━━━ PROVIDED DATA
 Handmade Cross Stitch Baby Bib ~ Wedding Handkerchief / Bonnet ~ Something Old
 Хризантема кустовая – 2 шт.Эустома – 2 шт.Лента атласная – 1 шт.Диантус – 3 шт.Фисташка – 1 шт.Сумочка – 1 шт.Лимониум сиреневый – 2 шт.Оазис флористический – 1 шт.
━━━━━━
━━━ PROVIDED DATA
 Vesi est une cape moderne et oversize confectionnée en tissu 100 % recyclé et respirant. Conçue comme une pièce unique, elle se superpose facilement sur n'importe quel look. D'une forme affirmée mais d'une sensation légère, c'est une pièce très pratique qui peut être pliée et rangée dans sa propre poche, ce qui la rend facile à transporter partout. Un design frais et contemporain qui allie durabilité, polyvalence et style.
━━━━━━
━━━ PROVIDED DATA
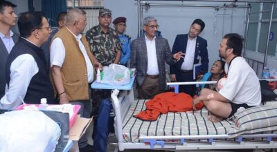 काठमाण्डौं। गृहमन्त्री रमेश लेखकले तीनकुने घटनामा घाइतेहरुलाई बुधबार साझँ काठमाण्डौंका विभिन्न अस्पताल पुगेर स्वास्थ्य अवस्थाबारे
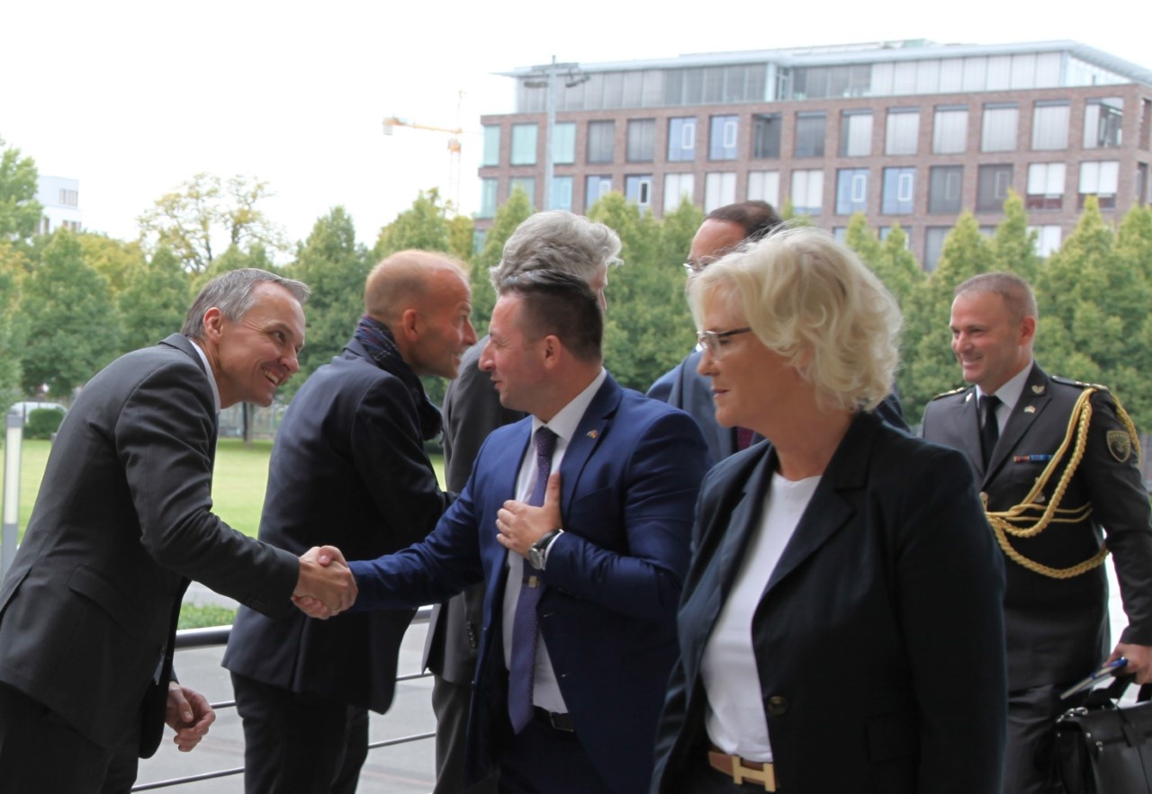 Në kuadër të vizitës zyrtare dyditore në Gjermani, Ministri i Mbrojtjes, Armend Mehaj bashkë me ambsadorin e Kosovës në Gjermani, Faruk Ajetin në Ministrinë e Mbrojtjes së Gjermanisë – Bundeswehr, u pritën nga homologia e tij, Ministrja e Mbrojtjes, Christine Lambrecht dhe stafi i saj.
━━━━━━
## INSTRUCTIONS TO FOLLOW
Using the data above, set down each line from the line with "काठमाण्डौं। गृहमन्त्री रमेश" to the line with "Në kuadër të" exactly, both ends included, and leave the pictures behind. Nothing else belongs.

## EXERCISE OUTPUT
 काठमाण्डौं। गृहमन्त्री रमेश लेखकले तीनकुने घटनामा घाइतेहरुलाई बुधबार साझँ काठमाण्डौंका विभिन्न अस्पताल पुगेर स्वास्थ्य अवस्थाबारे
 Në kuadër të vizitës zyrtare dyditore në Gjermani, Ministri i Mbrojtjes, Armend Mehaj bashkë me ambsadorin e Kosovës në Gjermani, Faruk Ajetin në Ministrinë e Mbrojtjes së Gjermanisë – Bundeswehr, u pritën nga homologia e tij, Ministrja e Mbrojtjes, Christine Lambrecht dhe stafi i saj.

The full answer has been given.